The system wants you to create subcultures, not change the culture. That is why the coming era of “Digital Platform Censorship” with its related shadowbans, de-listings, and other new tech-savvy ways of becoming an un-person will be so dangerous, to our, ahem dangerous thoughts. I’d call it Orwellian, but that’s a phrase that conjures up 20th-century images of Stalinism and direct government reprisal. What we are seeing is far different, and perhaps more thorough and pernicious in its ability to mold narratives and shape thoughts.

Information is constantly bombarding us. Left, right, center, top, down, it never stops flowing. The ability to curate information has now become as powerful, if not more powerful than absolute control. After all, would it be more beneficial to have your opponents, ideological or otherwise, depicted as an embattled minority fighting for their right to free expression, or a weird fringe group that talks only to itself?

Google is the gateway for most of the “millennial” generation and younger to any thought, let alone dissident thought. Imagine if you will, being de-listed from most of the major search engines on the web. How would anyone but the already converted find out about your ideas? In fact, we here at Radix have already seen a very soft version of this with our own podcast being de-listed from searches by Apple(though the podcast is still available).

The idea of “shadow-banning” on Twitter is another pernicious effect of this censorship 2.0. Breitbart ran a story just recently about how Twitter maintains lists of favored accounts:

According to the source, Twitter maintains a ‘whitelist’ of favoured Twitter accounts and a ‘blacklist’ of unfavoured accounts. Accounts on the whitelist are prioritised in search results, even if they’re not the most popular among users. Meanwhile, accounts on the blacklist have their posts hidden from both search results and other users’ timelines.

This is made all the more ominous with the announcement of the creation of Twitter’s new “Trust and Safety Council” which features such luminaries and distinguished groups as Anita Sarkeesian and the Anti-Defamation League. Twitter functions as a digital agora or forum. But if you’re only talking to yourself or the already converted, the network effect and the ability to inject new narratives is taken away.

Of course, it’s not just in the realm of “radical” right-wing thought where this sort of information curation is taking place. Just recently in a controversy over bullfighting, Facebook declared the centuries-old sport “inappropriate”, which led to some outraged commentary by some of the largest Spaniard media outlets.

The point is, it’s not the information that’s being curated, it’s you. What you see on the internet and throughout social media is being filtered, and it is not always through your own designs.
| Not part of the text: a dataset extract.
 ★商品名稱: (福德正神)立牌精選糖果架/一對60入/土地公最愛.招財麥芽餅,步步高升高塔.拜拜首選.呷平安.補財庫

Thinking about this new relation to pictures, symbols, and memes through technology is important for the big picture of where we are heading as a civilization(Heidegger’s work deserves careful study here).

But, for those of us with ideas our vast Liberal hegemony wants to de-privilege, thinking through censorship 2.0 has become a necessity. Through the cracks may be showing, there is no more dangerous, or unpredictable opponent than one who is on the ropes. Liberalism seems to be moving in that direction.
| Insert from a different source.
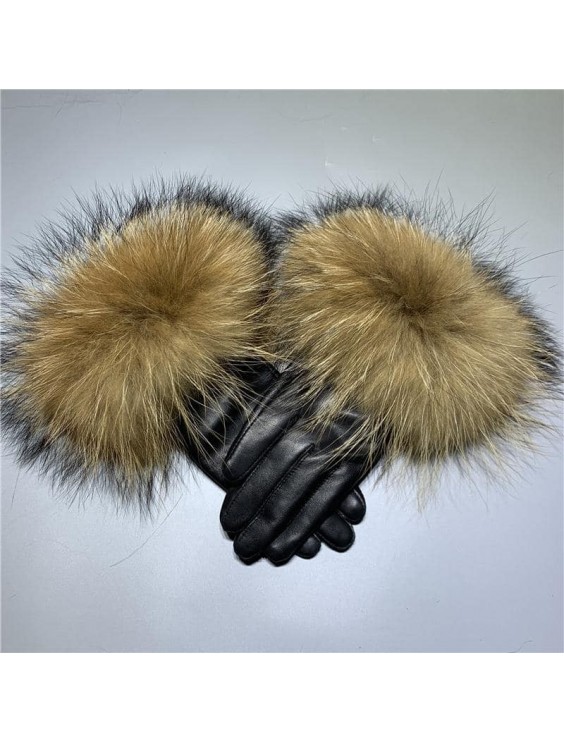 Sabina Skinn Handskar Raccon Päls

Its commitment to free speech was merely a mask for its own will to power.

In many ways, the libertarians were right about market efficiency. Only they probably never thought about private entities being more efficient at censorship than any government could be. Moreover, market forces are shaped by the strongest cultural stalking horses of their times.

“SJWs” and others have never been more successful than when they have worked with corporations. Our culture-jamming only works when we are able to interject ourselves into the broader societal narratives. Restricting us from those puts us back at square one.

What is to be done?

Creating our own platforms is usually the first suggestion. While this would undoubtedly help with privacy, and our ability to say what we want, it would not help us reach beyond our current audience. Part of the reason for the expansion of ‘Alt-Right’ ideas in the past year or so has been its ability to memetically infect and spread across information channels in a rapid way. This would be impossible if our online activity starts to be restricted to just our own.

Moreover, it serves the system to see us splintered into a weird subculture that only talks to ourselves. Just look at how they want to “exploit divisions” now. It’s not a stretch to say that as a pond shrinks, the fight for control over it becomes that much more desperate. We shouldn’t play into our enemies games.

The ultimate solution has probably not presented itself yet. Maybe something akin to Richard Spencer’s idea of the internet as a public good is it. But what is important for us now is to be aware of how we are being corralled by the digital/media/information complex that surrounds us.

We’ve made far too impressive of gains in the last year to give it all up for a ghetto!